Combine two DataFrames on a key column.

# Inner join
df_joined = df_sales.join(df_customers, on="customer_key", how="inner")

# Left join
df_joined = df_sales.join(df_customers, on="customer_key", how="left")

# Join on multiple columns
df_joined = df_sales.join(
    df_targets,
    on=["region", "sale_month"],
    how="left"
)

# Join on expression (different column names)
df_joined = df_sales.join(
    df_customers,
    df_sales["cust_id"] == df_customers["customer_id"],
    how="inner"
)

# Avoid column ambiguity after join
df_joined = df_sales.alias("s").join(
    df_customers.alias("c"),
    F.col("s.customer_key") == F.col("c.customer_key"),
    how="left"
).select("s.*", "c.customer_name", "c.region")

Window functions

Perform calculations across a partition of rows without collapsing them.
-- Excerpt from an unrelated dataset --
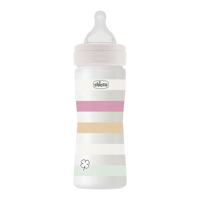- The Chicco Well-Being 330ml plastic bottle offers maximum practicality with an ergonomic design, making it easy to sterilize and dishwasher-safe.

from pyspark.sql.window import Window

# Partition by region, order by sale_date
w = Window.partitionBy("region").orderBy("sale_date")

# Running total
df = df.withColumn("running_total", F.sum("amount").over(w))

# Row number — rank each sale within its region by date
df = df.withColumn("row_num", F.row_number().over(w))
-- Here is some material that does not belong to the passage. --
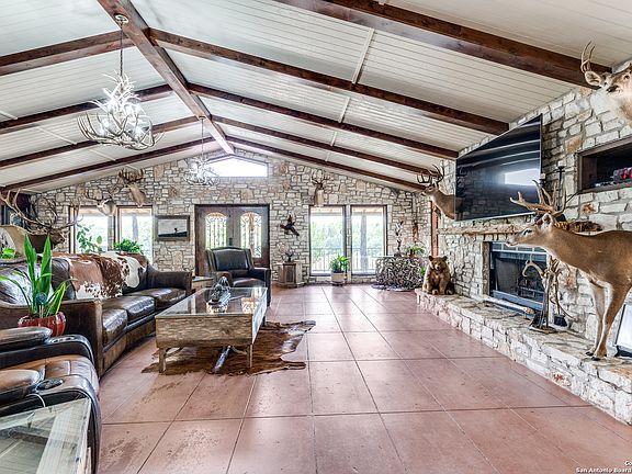 Luxury Ranch Retreat just Minutes from San Antonio!! This property offers a total of 31.5 acres and 2 homes, perfect for multi-family living or large-scale entertaining! Discover an ideal blend of rustic luxury, function, and outdoor living with this breathtaking high-fenced property. Designed for both comfort and utility, this ranch delivers peaceful seclusion without sacrificing convenience. This property is like its own private oasis! *At the heart of the property sits a stunning 4,215 sq. ft. rustic ranch-style home featuring a wraparound porch, sparkling pool, and sweeping country views. Inside, you'll find: 3 spacious bedrooms & 3 full baths Office/multi-use room 2 living areas with soaring ceilings 3 impressive wood-burning fireplaces Unique stone flooring Safe room * 2nd residence features an impressive 3/2.5 1948 sf two-story rock home, which not only boasts aesthetic charm but also speaks to durability and timelessness. 3 beds / 2.5 baths Fireplace Main floor Master suite with double vanities, his & her closets Custom kitchen cabinets Plus enjoy the outdoors at its absolutley amaing outdoor entainment area with firplace, bar, sink, ice make, refrigerator... Property Highlights: High-fenced with automatic gated entrance Abundant wildlife, white-tailed deer, turkey, dove, ducks, cranes & more Deer/livestock pens, Large well-fed stocked pond with pier, plus a 2nd pond, Two water wells Coastal hay field, Three-stall horse/livestock barn with covered equipment storage. Additional open barn with stalls, Outbuilding with walk-in cooler, walk-in freezer & stainless steel countertops, Storage building & 2-car carport, Fenced yard & in-ground pool. Endless Possibilities, whether you envision a private retreat, horse or livestock operation, 4-H projects, or a turnkey ranch with income potential, this property has it all. The combination of wildlife habitat, ranch infrastructure, and country living makes it ideal as a full-time residence, weekend getaway, or even a corporate retreat. Peaceful, private, and move-in ready-this ranch delivers the very best of country living just minutes from San Antonio!

# Lag — previous row's amount
df = df.withColumn("prev_amount", F.lag("amount", 1).over(w))

# Lead — next row's amount
df = df.withColumn("next_amount", F.lead("amount", 1).over(w))
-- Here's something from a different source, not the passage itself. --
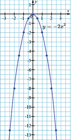 Это квадратичная функция вида \(y=ax^{2}\) с \(a<0\), значит график — парабола, направленная ветвями вниз. Строим график и по нему определяем значение функции при данном значении аргумента и наоборот, какому значению аргумента соответствует данное значение функции.
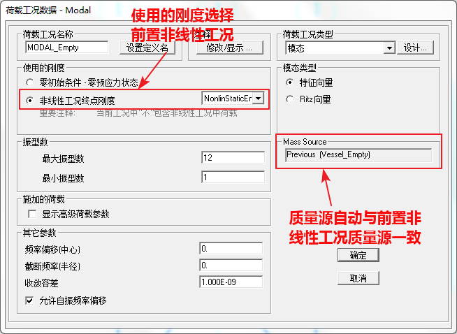 附:在其他的線性工況中,如需要使用不同的質(zhì)量源,也可以用此方法修改工況求解中使用的質(zhì)量源。

# Partition window (no ordering — aggregate over entire partition)
w_partition = Window.partitionBy("region")
df = df.withColumn("region_total", F.sum("amount").over(w_partition))
df = df.withColumn("pct_of_region", F.round(F.col("amount") / F.col("region_total"), 4))

# Rank with dense_rank
w_rank = Window.partitionBy("region").orderBy(F.desc("amount"))
df = df.withColumn("sales_rank", F.dense_rank().over(w_rank))

Write data

Persist a DataFrame to storage or a table.

# Write as Delta table (managed)
df.write \
    .format("delta") \
    .mode("overwrite") \
    .option("overwriteSchema", "true") \
    .saveAsTable("fttg_prod.analytics.fact_sales")

# Write as Delta to a path (external)
df.write \
    .format("delta") \
    .mode("append") \
    .partitionBy("sale_date", "region") \
    .save("abfss://gold@fttgstorage.dfs.core.windows.net/fact_sales/")

# Write as Parquet
df.write \
    .format("parquet") \
    .mode("overwrite") \
    .save("/mnt/exports/fact_sales_export/")

# Write as CSV (single file)
df.coalesce(1) \
    .write \
    .format("csv") \
    .option("header", "true") \
    .mode("overwrite") \
    .save("/mnt/exports/sales_report/")

# Merge / upsert via DeltaTable API
from delta.tables import DeltaTable
DeltaTable.forName(spark, "fttg_prod.analytics.fact_sales") \
    .alias("t").merge(df.alias("s"), "t.sale_key = s.sale_key") \
    .whenMatchedUpdateAll() \
    .whenNotMatchedInsertAll() \
    .execute()

Spark SQL

Run SQL

Execute SQL directly against Delta tables, temp views, and Unity Catalog objects.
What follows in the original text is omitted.